Colbert played up his on-air right-wing persona, denouncing Unions and then wondering where his word for the feature "today's WORD" went. Prompter-less, he pulled off the entire half hour riffing, as Stewart before him had done...though he touched on topics other than the strike. Below (and after the jump) are clips from both shows. How do you think they did? The NY Post says both hosts bombed (something the WGA wants so that Comedy Central and Viacom will see how much they need their writers).

An update on the other New York late night hosts that returned last week: after saying that he had "to say goodbye to an old friend tonight, and I'm just sick about it," Letterman shaved his strike beard! As for Conan, his beard is still growing strong, and last night local fave Nicole Atkins showed no solidarity with the WGA by crossing the picket line to appear on his show!

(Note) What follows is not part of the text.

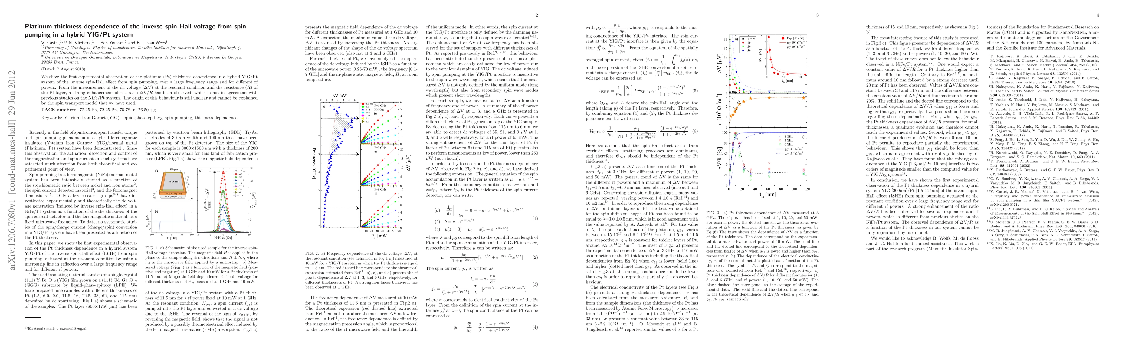 We show the first experimental observation of the platinum (Pt) thickness dependence in a hybrid YIG/Pt system of the inverse spin-Hall effect from spin pumping, over a large frequency range and for different rf powers. From the measurement of the dc voltage ($\Delta\textrm{V}$) at the resonant condition and the resistance ($R$) of the Pt layer, a strong enhancement of the ratio $\Delta\textrm{V}/R$ has been observed, which is not in agreement with previous studies on the NiFe/Pt system. The origin of this behaviour is still unclear and cannot be explained by the spin transport model that we have used.

Some good news, we received the following statement from the WGA yesterday: "United Artists signed an independent agreement. This agreement is virtually identical to the agreement signed by David Letterman's Worldwide Pants. It features all the proposals we were preparing to make when the big media conglomerates left the bargaining table a month ago. Those proposals include appropriate minimums and residuals for new media (whether streamed or downloaded, as well as original made-for content), along with basic cable and pay-TV increases, feature animation and reality TV coverage, union solidarity language, and important enforcement, auditing, and arbitration considerations."